The next day, Bernardini said, a DCFS investigator showed up to the facility to interview the boy. The boy initially refused but eventually agreed to be interviewed. However, when the boy saw a uniformed officer approach his cell, Bernardini said, he became agitated and had to be restrained.

In their closing statement, prosecutors argued Walker ignored years of training and lost control of the situation. They urged Wadas to remember that both Walker and Collins were significantly bigger than the boy, who stood at just 5 feet 5 inches and weighed just 120 pounds to Walker’s 190 pounds and 6-foot-1-inch stature.

Walker’s attorneys, however, insisted he was just following procedure.

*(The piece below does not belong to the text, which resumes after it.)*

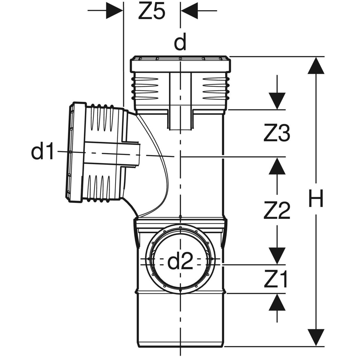 Czwórnik GEBERIT Silent-PP polipropylen, 110 mm x 75 mm x 110 mm x 110 mm DN 100 x DN 70 x DN 100 x DN 100, mw x mw x mw x mw

“You heard testimony that it is [JTDC] policy to match force with force,” Campbell said. “They are authorized to use force when appropriate.”

But other experts reached after the verdict questioned that assertion. 

“They called a restraint team on a kid who was no threat to anybody.” said Gene Griffin, a retired lawyer and child psychologist who chaired a 2021 committee convened to study the use of room confinement at the facility.

“The kid’s locked in his room, yelling. … That’s when you’re supposed to be doing de-escalation. That is not when you call a team of rovers to go in and handcuff him. I question the entire premise of the incident.”